Correlation and Causality

Correlation and Causality - what are they?

Correlation and causality are two concepts in statistics that are widely confused and misunderstood by the public at large. Correlation in statistics simply means that two events or variables are related; it's essentially a statement that A and B happen together or one after the other. Many uninformed people jump to an assumption that because they're correlated, A causes B. It's possible (but by no means certain) that A does cause B; if so, that would be an example of causality.

Causality is one possible type of relationship between two correlated events, but there are others. When A and B are correlated, there are four possible relationships:
A causes B--for example, babies born before 36 weeks gestation are smaller than those born at 40 weeks. The low birth weight is a direct result of not having as much time to grow.
B causes A--the faster a wind turbine rotates, the higher the wind speed.

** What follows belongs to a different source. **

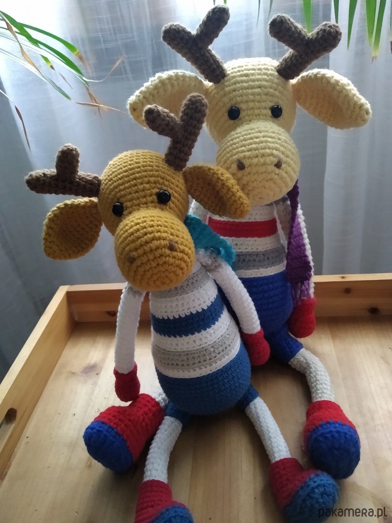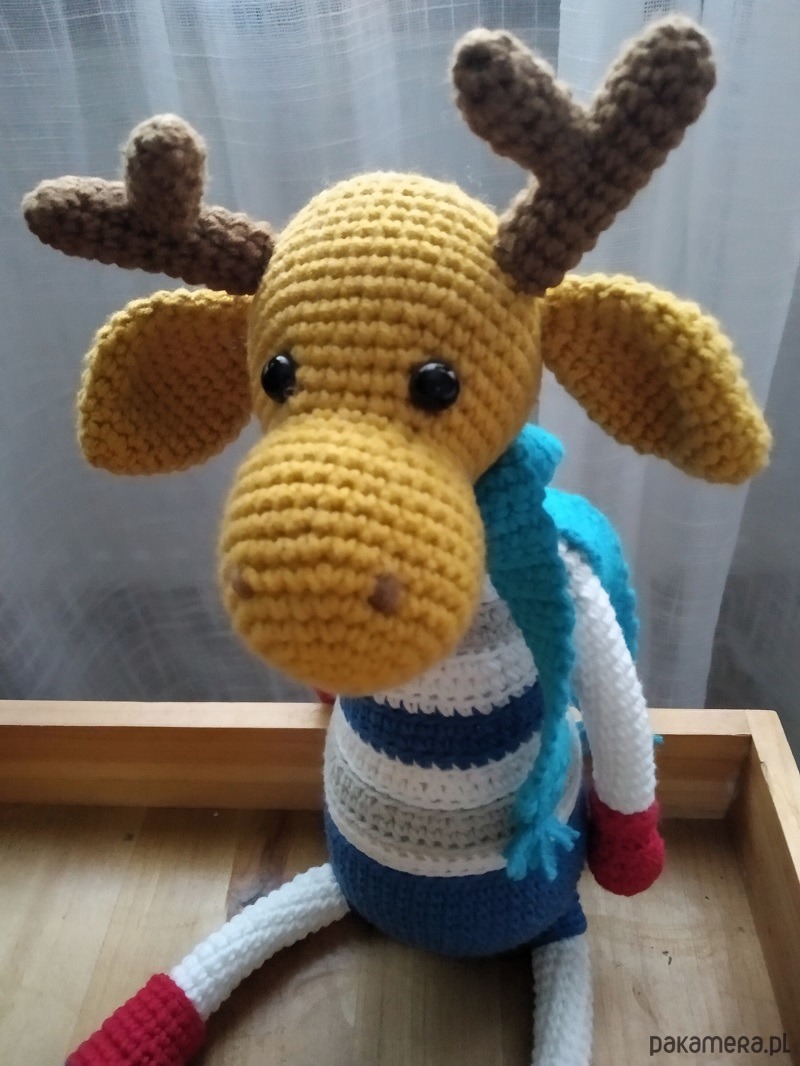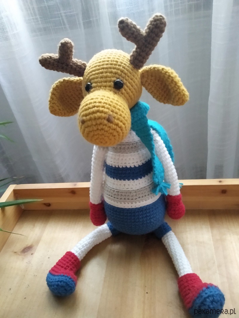 Szydełkowy renifer, idealny na święta. Wykonany na szydełku z bawełny, wypełniony wkładem do poduszek i miłością. Chętnie się nią podzieli. Wysoki na 35 cm.

The wind speed causes the turbine to rotate.
A and B are both caused by a third unidentified factor, but do not cause each other--see the HRT study described below.
A and B are unrelated and the correlation is merely a coincidence--a golfer was wearing a red shirt the day he hit his first hole-in-one.

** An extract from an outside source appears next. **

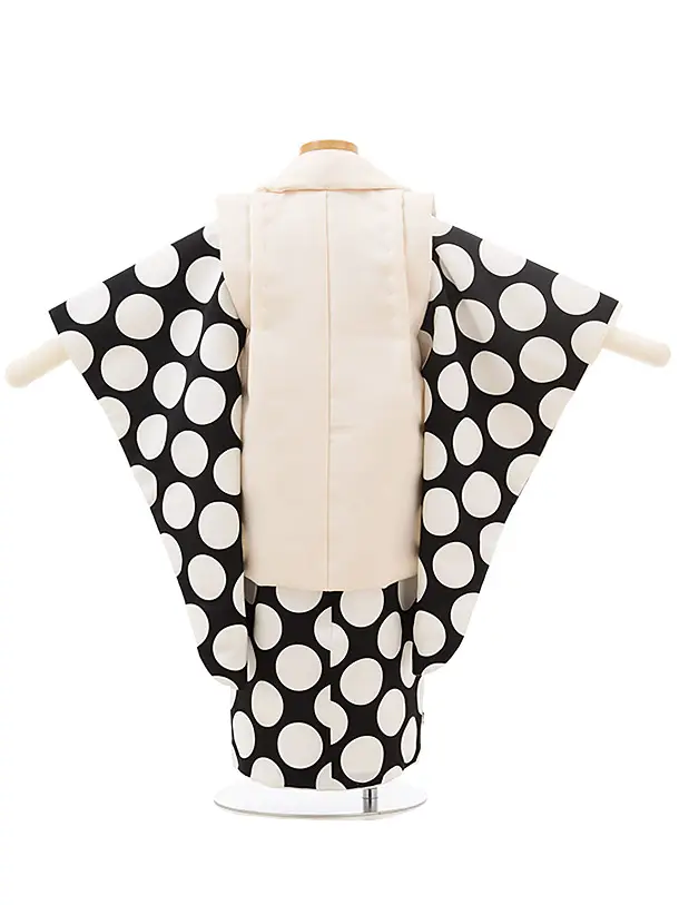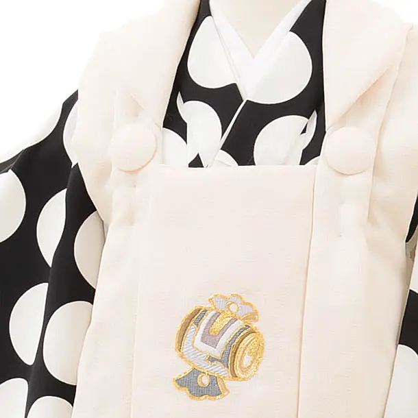 七五三レンタル(3歳男児被布)2447クリーム色×黒白ドット

When one study shows a correlation, further studies are needed to replicate and substantiate the findings before causality can be determined. The type of study and the methods uses are important, too. Mere anecdotal cases do not constitute evidence.

Observational studies are just that and compound errors. Researchers observe events over time. In medicine, observational studies have shown tendencies in populations, such as that diabetes is more common in certain ethnic groups. Experimental studies compare groups with variables controlled. Randomized, controlled drug trials, comparing a new drug with a placebo, are the "gold standard" of experimental medicine. The study group and the control group are matched as closely as possible for age, sex, race, socioeconomic factors and disease stage; one group is given the drug being evaluated, and the other group is given a placebo. If the study group shows a better treatment result than the control group, that is good evidence that the tested drug caused the improvement.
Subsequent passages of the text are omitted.